First one, and then another figure came out of the reeds. Against the glare of sunlight, they were nothing more than black shapes. Small, dressed in rags, with mops of untidy hair like reggae singers. Five of them.

How could they have come down that cliff so quickly?

They stopped on the beach, talking and gesticulating. Any minute now and they would see her footprints and then they only needed to follow the trail.

Jessica broke a branch off a shrub and pushed backwards through the vegetation, sweeping the fine sand over her footprints as she went. It was a botch job and if these trackers were worth their salt, they’d find her in a jiffy, but what else could she do? Branches snagged on her clothes and scratched her arms. She stopped to peek. The knot of men broke up and one pointed at the water’s edge, the spot where she had stopped and noticed her double shadow. Two of the men followed her tracks up the beach. They disappeared into the bushes.

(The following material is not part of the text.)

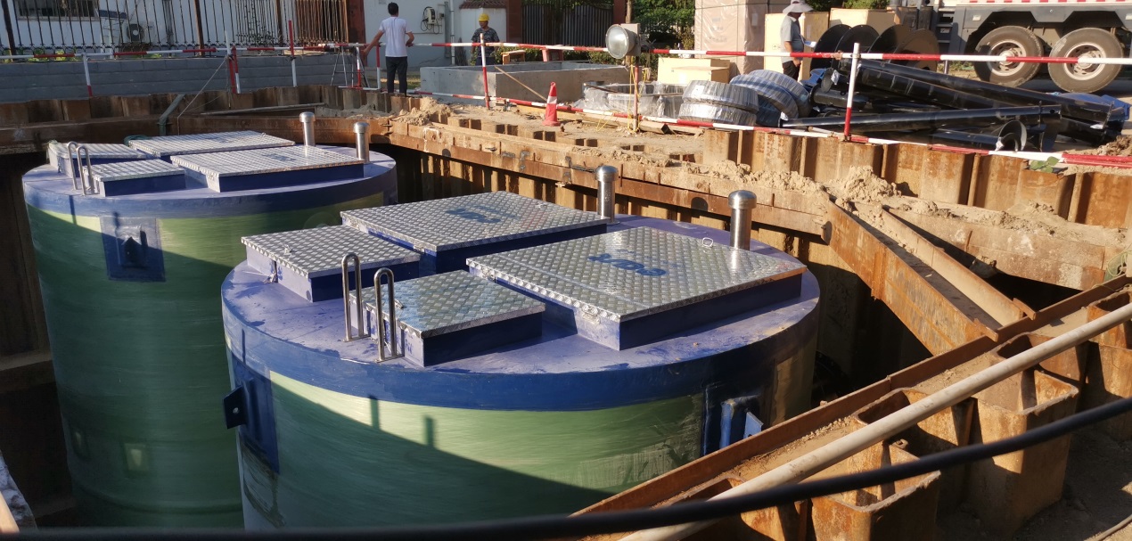從工程整體規(guī)劃來看,該項(xiàng)目服務(wù)范圍明確,涵蓋文興路以東、許由路以南、金葉大道以北、清潩河以西區(qū)域的雨水排放,規(guī)劃匯水面積約 181.74 公頃,泵站總設(shè)計(jì)流量約 9.09m³/s。在排水系統(tǒng)布局上,采取 “新舊結(jié)合” 的思路,充分利用現(xiàn)狀泵站(規(guī)模 4m³/s,配備 4 臺潛水軸流泵,單泵流量 1m³/s、揚(yáng)程 5.5m、功率 90kW),同時(shí)新建一體化雨水泵站(規(guī)模 5.12m³/s)。新建泵站采用 2 座 Φ4.2m×10m 玻璃鋼筒體,設(shè)置 4 臺軸流泵(單泵流量 1.28m³/s、揚(yáng)程 9.8m、功率 185kW),配套設(shè)施完善,包括前池 2 套回轉(zhuǎn)格柵、潛污泵排水系統(tǒng)、DN800 強(qiáng)排管道及拍門、1250kVA 箱變等。

Faster she walked backwards, and faster still. Step, sweep, step, sweep, step.

A whistle echoed. They would have found her backpack. Shit.

Jessica turned and ran as fast as she could. The men shouted; branches cracked.

She jumped over and between bushes. Something funny was going on with her right shoe. Parts of it flapped loose and her sock was filling up with sand.

If she could reach the river beyond the sand spit, swim across, she might escape if the men couldn’t swim, or at least not as well as she could.

The shrubs ended abruptly.

Jessica launched herself into the open, weaving between tussocks of plants. Here she could gain speed and take advantage of her longer legs, get away from them as fast as possible. She ran up a low sand dune, around the corner of the cliff into an invisible curtain of … something.

Her hands tingled; the skin on her face pricked. The feeling exploded over her chest, down her stomach, her legs, like pins and needles in her entire body.

She had to stop running because her legs threatened to buckle under her.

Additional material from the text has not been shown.